= Information provided =
---*---

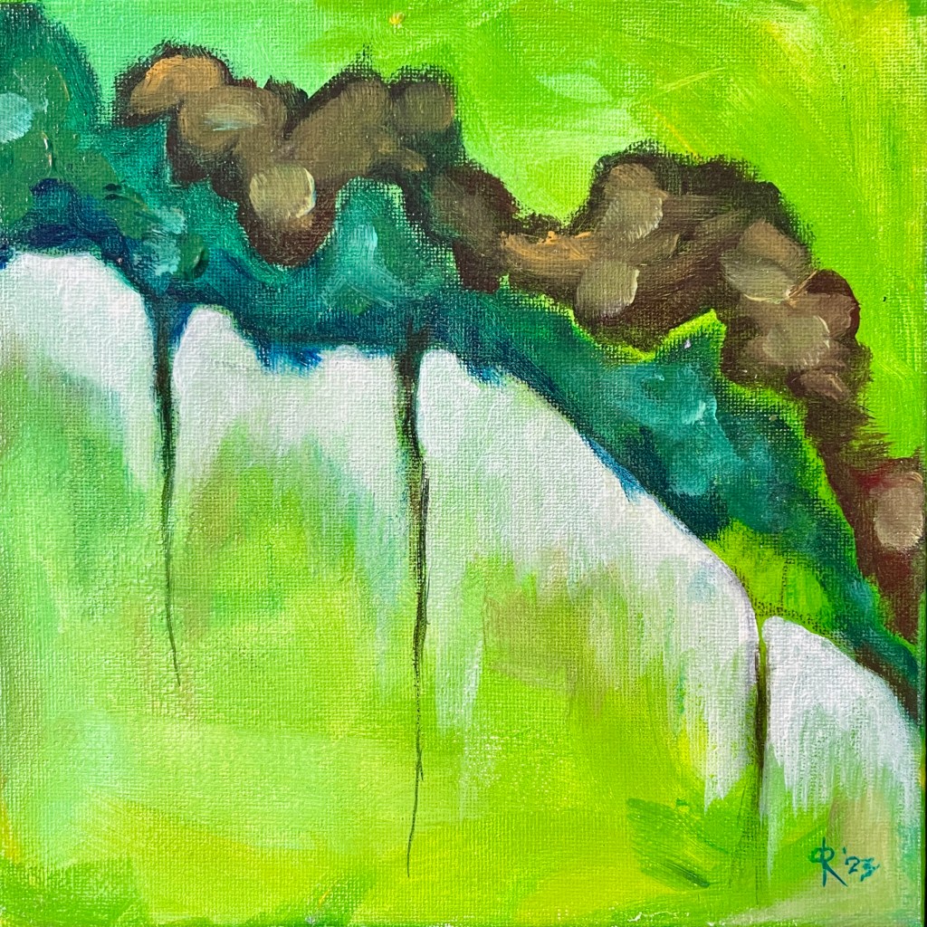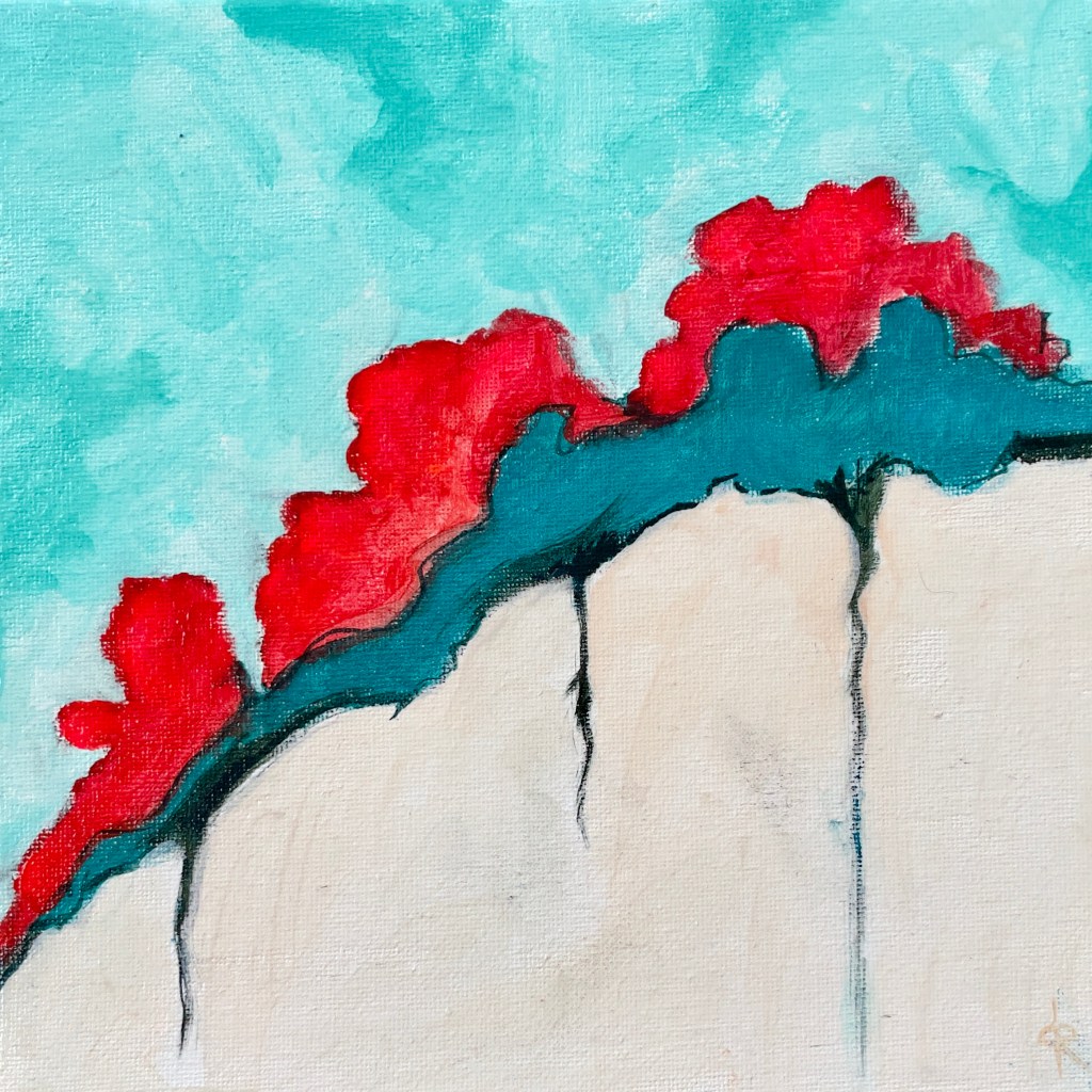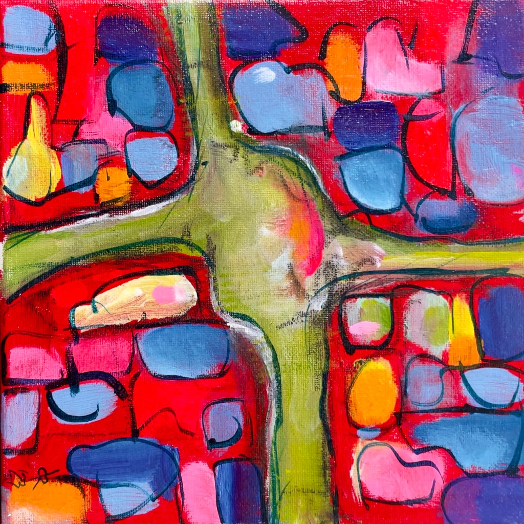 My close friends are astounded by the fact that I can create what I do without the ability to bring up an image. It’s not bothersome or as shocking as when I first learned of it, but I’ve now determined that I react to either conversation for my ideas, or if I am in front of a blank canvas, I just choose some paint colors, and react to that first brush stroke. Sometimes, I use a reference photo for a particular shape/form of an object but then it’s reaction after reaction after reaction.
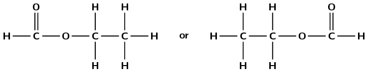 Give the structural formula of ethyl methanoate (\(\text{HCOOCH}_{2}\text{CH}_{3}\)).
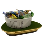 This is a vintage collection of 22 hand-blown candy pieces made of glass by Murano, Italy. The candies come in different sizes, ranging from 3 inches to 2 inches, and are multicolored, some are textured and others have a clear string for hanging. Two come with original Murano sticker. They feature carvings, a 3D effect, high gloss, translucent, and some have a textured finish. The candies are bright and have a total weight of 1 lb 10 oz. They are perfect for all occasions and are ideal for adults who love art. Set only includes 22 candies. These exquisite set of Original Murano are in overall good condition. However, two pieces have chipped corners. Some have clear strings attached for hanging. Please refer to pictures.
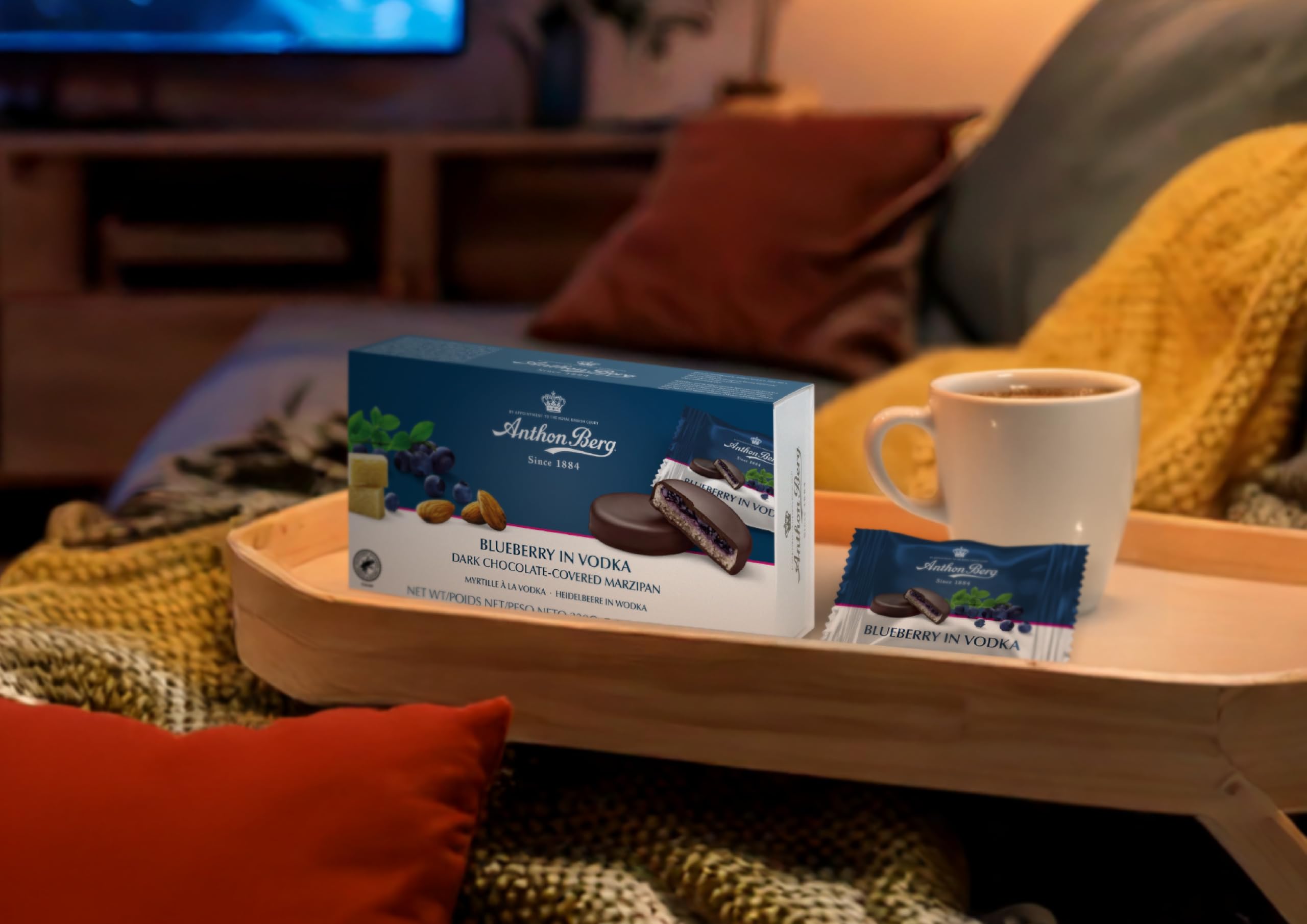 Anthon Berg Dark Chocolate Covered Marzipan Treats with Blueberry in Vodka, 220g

---*---

= Activity =
Copy all the data exactly as written, but skip any picture.

= Task solution =
 My close friends are astounded by the fact that I can create what I do without the ability to bring up an image. It’s not bothersome or as shocking as when I first learned of it, but I’ve now determined that I react to either conversation for my ideas, or if I am in front of a blank canvas, I just choose some paint colors, and react to that first brush stroke. Sometimes, I use a reference photo for a particular shape/form of an object but then it’s reaction after reaction after reaction.
 Give the structural formula of ethyl methanoate (\(\text{HCOOCH}_{2}\text{CH}_{3}\)).
 This is a vintage collection of 22 hand-blown candy pieces made of glass by Murano, Italy. The candies come in different sizes, ranging from 3 inches to 2 inches, and are multicolored, some are textured and others have a clear string for hanging. Two come with original Murano sticker. They feature carvings, a 3D effect, high gloss, translucent, and some have a textured finish. The candies are bright and have a total weight of 1 lb 10 oz. They are perfect for all occasions and are ideal for adults who love art. Set only includes 22 candies. These exquisite set of Original Murano are in overall good condition. However, two pieces have chipped corners. Some have clear strings attached for hanging. Please refer to pictures.
 Anthon Berg Dark Chocolate Covered Marzipan Treats with Blueberry in Vodka, 220g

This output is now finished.